A discontinuous Galerkin method for a new class of Green-Naghdi equations on simplicial unstructured meshes

TL;DR

This paper presents a discontinuous Galerkin finite element method for simulating free surface flows using a simplified class of Green-Naghdi equations on unstructured meshes, enabling accurate and stable modeling of nonlinear wave phenomena.

Contribution

It introduces a novel discontinuous Galerkin formulation for a new class of Green-Naghdi equations, allowing high-order approximation, mesh flexibility, and preservation of physical properties.

Findings

Validated through benchmarks with nonlinear wave transformations.

Handles arbitrary unstructured meshes effectively.

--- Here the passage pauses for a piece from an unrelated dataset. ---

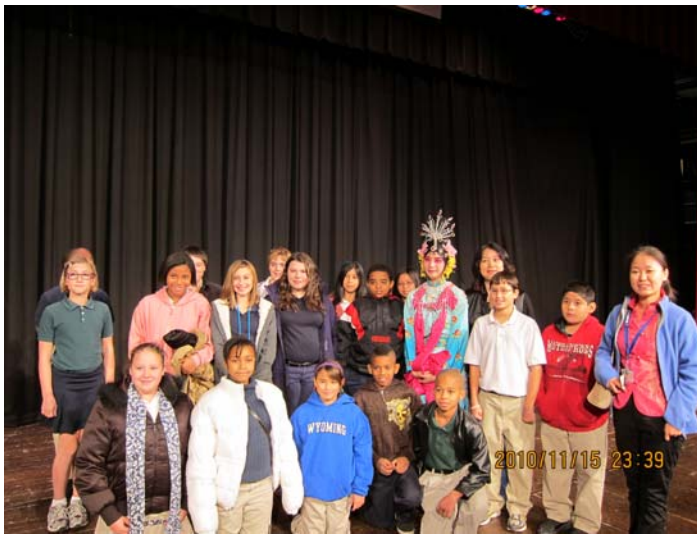
Performances at Bridgeport School 《天女散花》

Ensures positivity and steady state preservation.

Abstract

In this paper, we introduce a discontinuous Finite Element formulation on simplicial unstructured meshes for the study of free surface flows based on the fully nonlinear and weakly dispersive Green-Naghdi equations. Working with a new class of asymptotically equivalent equations, which have a simplified analytical structure, we consider a decoupling strategy: we approximate the solutions of the classical shallow water equations supplemented with a source term globally accounting for the non-hydrostatic effects and we show that this source term can be computed through the resolution of scalar elliptic second-order sub-problems. The assets of the proposed discrete formulation are: (i) the handling of arbitrary unstructured simplicial meshes, (ii) an arbitrary order of approximation in space, (iii) the exact preservation of the motionless steady states, (iv) the preservation of the water height positivity, (v) a simple way to enhance any numerical code based on the nonlinear shallow water equations. The resulting numerical model is validated through several benchmarks involving nonlinear wave transformations and run-up over complex topographies.